There are lot's of times you want to dynamically instantiate and work with objects where the type isn't known until runtime. For example with OR-mappers or in a plugin architecture. Mocking frameworks use it, if you want to write a logging-library and dynamically want to examine type and properties of exceptions.
If I think a bit longer I can probably come up with more examples.
I find reflection very useful if the input data (like xml) has a complex structure which is easily mapped to object-instances or i need some kind of "is a" relationship between the instances.
As reflection is relatively easy in java, I sometimes use it for simple data (key-value maps) where I have a small fixed set of keys. One one hand it's simple to determine if a key is valid (if the class has a setter setKey(String data)), on the other hand i can change the type of the (textual) input data and hide the transformation (e.g simple cast to int in getKey()), so the rest of the application can rely on correctly typed data.
If the type of some key-value-pair changes for one object (e.g. form int to float), i only have to change it in the data-object and its users but don't have to keep in mind to check the parser too. This might not be a sensible approach, if performance is an issue...
Writing dispatchers. Twisted uses python's reflective capabilities to dispatch XML-RPC and SOAP calls. RMI uses Java's reflection api for dispatch.
Command line parsing. Building up a config object based on the command line parameters that are passed in.
When writing unit tests, it can be helpful to use reflection, though mostly I've used this to bypass access modifiers (Java).
I've used reflection in C# when there was some internal or private method in the framework or a third party library that I wanted to access.
(Disclaimer: It's not necessarily a best-practice because private and internal methods may be changed in later versions.
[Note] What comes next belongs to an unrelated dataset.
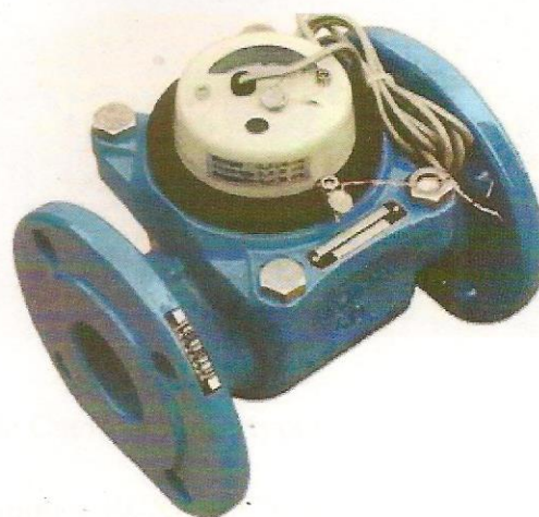
б) Счетчик воды турбинный ВСХНд-50

But it worked for what I needed.)
Well, in statically-typed languages, you'd want to use reflection any time you need to do something "dynamic". It comes in handy for tooling purposes (scanning the members of an object). In Java it's used in JMX and dynamic proxies quite a bit. And there are tons of one-off cases where it's really the only way to go (pretty much anytime you need to do something the compiler won't let you do).
I generally use reflection for debugging. Reflection can more easily and more accurately display the objects within the system than an assortment of print statements. In many languages that have first-class functions, you can even invoke the functions of the object without writing special code.
There is, however, a way to do what you want(ed). Use a hashtable. Store the fields keyed against the field name.
If you really wanted to, you could then create standard Get/Set functions, or create macros that do it on the fly. #define GetX() Get("X") sort of thing.
You could even implement your own imperfect reflection that way.
For the advanced user, if you can compile the code, it may be possible to enable debug output generation and use that to perform reflection.